Virgin Australia plans to commence a three-month inflight internet wifi trial on board a Boeing 737-800 from mid-April after naming Gogo and Optus as its technology partners for the service.
The airline plans to utilise the 2Ku technology from Optus for domestic and New Zealand flights, with Intelsat and SES for its other international flights, Virgin said on Thursday.
The aircraft, VH-YIG, has been fitted with the necessary hardware and some internal testing is being undertaken ahead of the service being opened up to the public.
Virgin has signed up Netflix, Stan and Pandora for streaming content for its wifi service.
While internet wifi and streaming content from its content partners will be free for passengers during the trial, the airline said it would “finalise its business model after considering customer feedback and the results of the testing period”.
“That’s actually part of the feedback that we want to get through the process,” Virgin Australia group executive for airlines John Thomas told reporters in Sydney on Thursday.
“I would imagine that what we will see is there will be something if you want to stream videos, there will be something if you just want to use email, there will be something if you want to do texting.”
“It’s about giving people choice.”
Thomas said there was also consideration of passengers getting internet wifi access for free based on the cabin they were sitting in or their frequent flyer status.
Virgin first announced plans to equip its fleet of Boeing 737-800s, Airbus A330-200s and Boeing 777-300ER fleet with inflight internet wifi in July 2016.
Since that first announcement, Thomas said the airline has been evaluating the potential suppliers of the technology in terms of the proven technology and highest level of reliability.
“Gogo has that track record,” Thomas said, noting Gogo had about 150 737s offering internet wifi with its product.
“If you look at the experience in the US and for all of the carriers around the world that do have connectivity, speed really isn’t the issue, the issue here is reliability.”
“People get very upset if the product isn’t reliable.”
The full rollout of the hardware across the fleet would take about 12 months, Thomas said.
Gogo said in early March about 3,000 commercial aircraft and 4,200 business jets were fitted with its internet connectivity technology. Further, about 130 of the 3,000 commercial aircraft had Gogo’s 2Ku technology that leverages its global satellite network.
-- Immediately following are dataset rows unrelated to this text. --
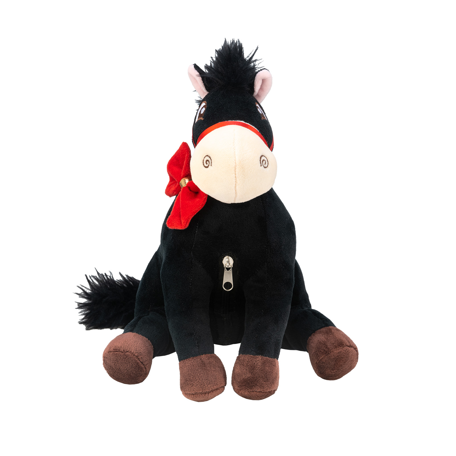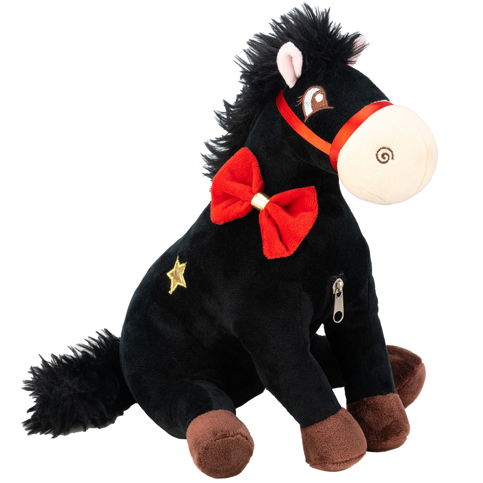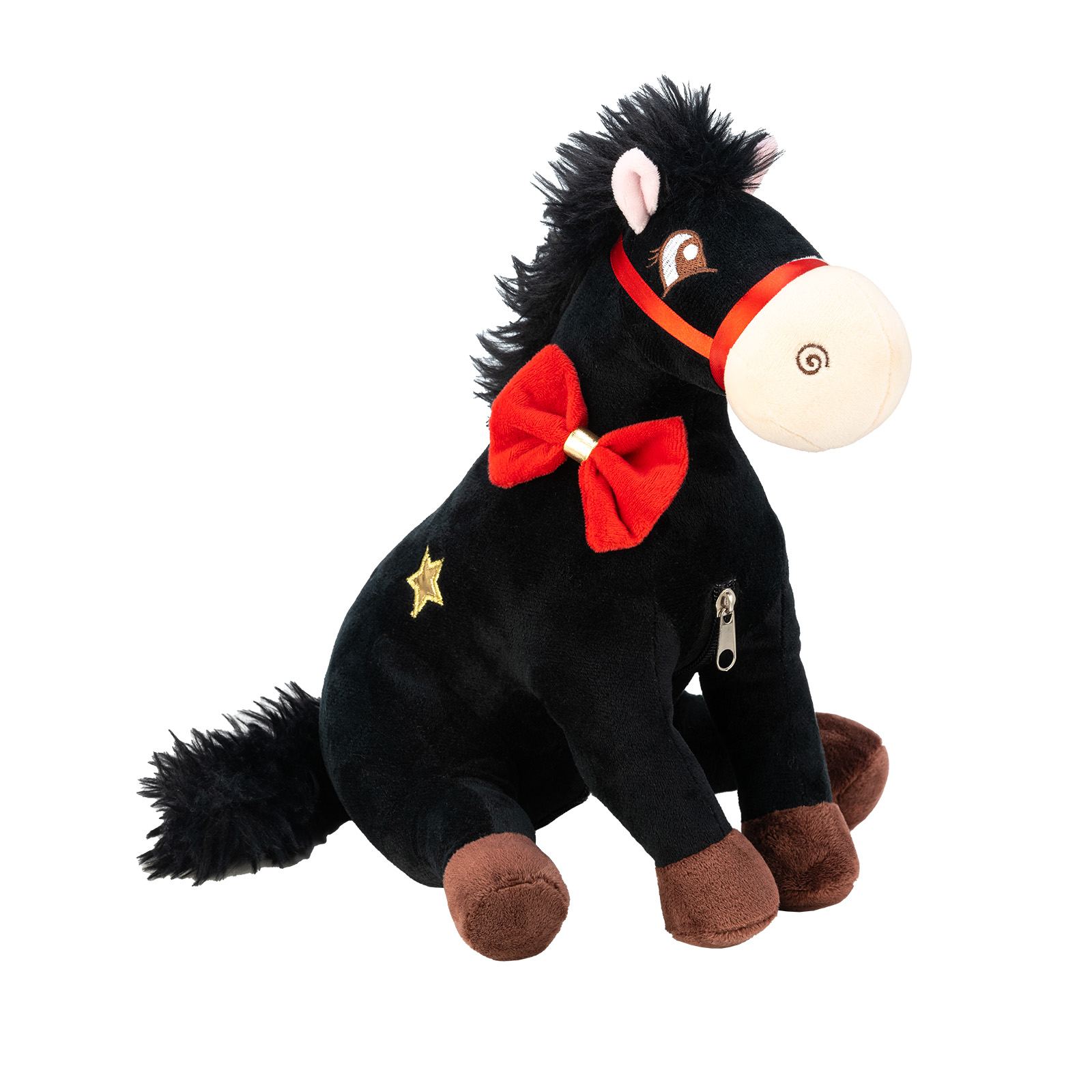 Новогодние сладкие подарки в виде символов года всегда вызывают сильнейший интерес - особенно, когда этот подарок выполнен в виде очаровательной текстильной игрушки. Подарочный набор “Гамлет” - это загадочный угольно-черный благородный жеребец, который прибыл к нам в гости из своей волшебной страны. На нем надеты контрастная ярко-красная сбруя и небольшой очаровательный галстук-бабочка. Гамлет уже готов к знакомству с новыми друзьями - лучше всего это делать за чашкой горячего ароматного чая  с вкусными конфетами! Тем более сладости к столу Гамлет уже приготовил, бережно донеся их из своей далекой страны.
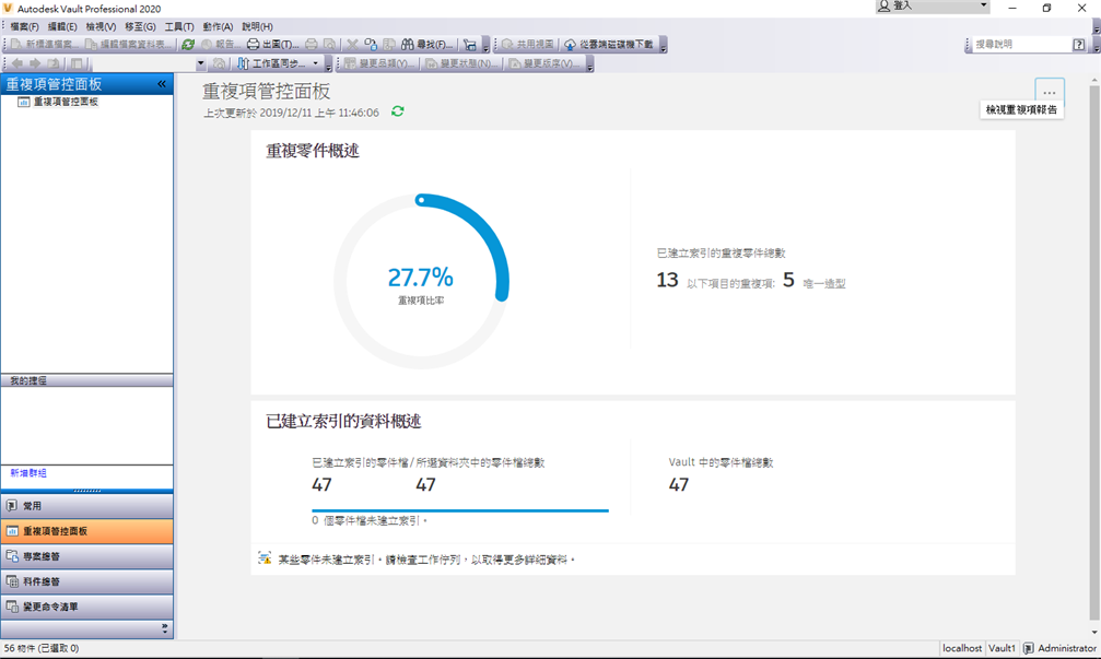 在對檔案建立索引後,您可以在「重複項管控面板」中檢視資料。在 Vault 用戶端中,按一下「重複項管控面板」。您可以檢視重複零件報告,也可以將該報告匯出為 Excel、PDF 或 Word 格式。
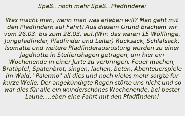 Was macht man, wenn man was erleben will? Man geht mit den Pfadfindern auf Fahrt! Aus diesem Grund brachem wir vom 26.03. bis zum 28.03. auf.(Wir: das waren 15 Wölflinge, Jungpfadfinder, Pfadfinder und Leiter) Rucksack, Schlafsack, Isomatte und weitere Pfadfinderausrüstung wurden zu einer Jagdhütte in Steffenshagen getragen, um hier ein Wochenende in einer Jurte zu verbringen. Feuer machen, Bratäpfel, Spatenbrot, singen, lachen, beten, Abenteuerspiele im Wald, "Palermo" all dies und noch vieles mehr sorgte für kurze Weile. Der angekündigte Regen störte uns nicht und so war dies für alle ein wunderschönes Wochenende, bei bester Laune.....eben eine Fahrt mit den Pfadfindern!
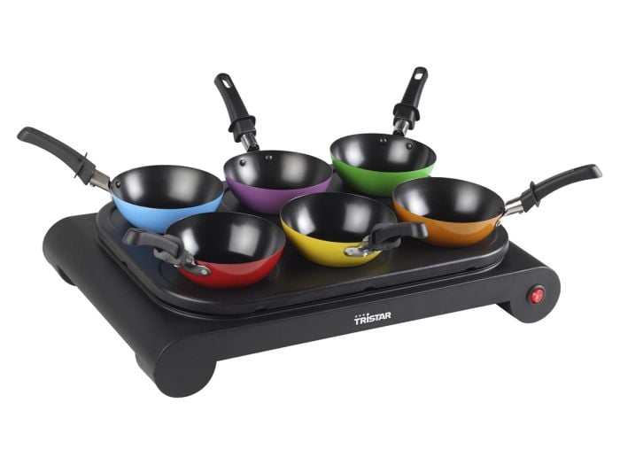 Das Wok-Set bunte Pfännchen für bis zu sechs Personen. In der Backplatte sind praktische Wölbungen integriert, damit Sie auch Pfannkuchen backen können. Mit sechs Spatel und einem Löffel.

“2Ku delivers a ground-like performance to aircraft flying around the world today, including the ability to stream video,” Gogo chief executive Michael Small said in a statement.
“Importantly, 2Ku is built on an open architecture and can leverage new technology advancements in the future, which means the technology can provide passengers with a superior connectivity experience now and in the future.”
Optus Satellite Vice President, Paul Sheridan, said: “We welcome the opportunity to provide dedicated satellite capacity to support Virgin Australia and Gogo in the delivery of a premier in-flight customer experience.”
Virgin is among the three major carriers in Oceania preparing to offer inflight internet wifi.
Air New Zealand announced in October its international and domestic jet fleet would be progressively equipped with wi-fi from 2017 utilising the Inmarsat new global GX satellite constellation. Trials were scheduled for the second half of 2017 on a new Airbus A321neo and refitted Boeing 777-300ER.
Meanwhile, Qantas recently delayed the start of its internet wifi service, provided by ViaSat’s global satellite network and the National Broadband Network’s Sky Muster satellites on the Ka band, due to what the airline said were “stability issues”.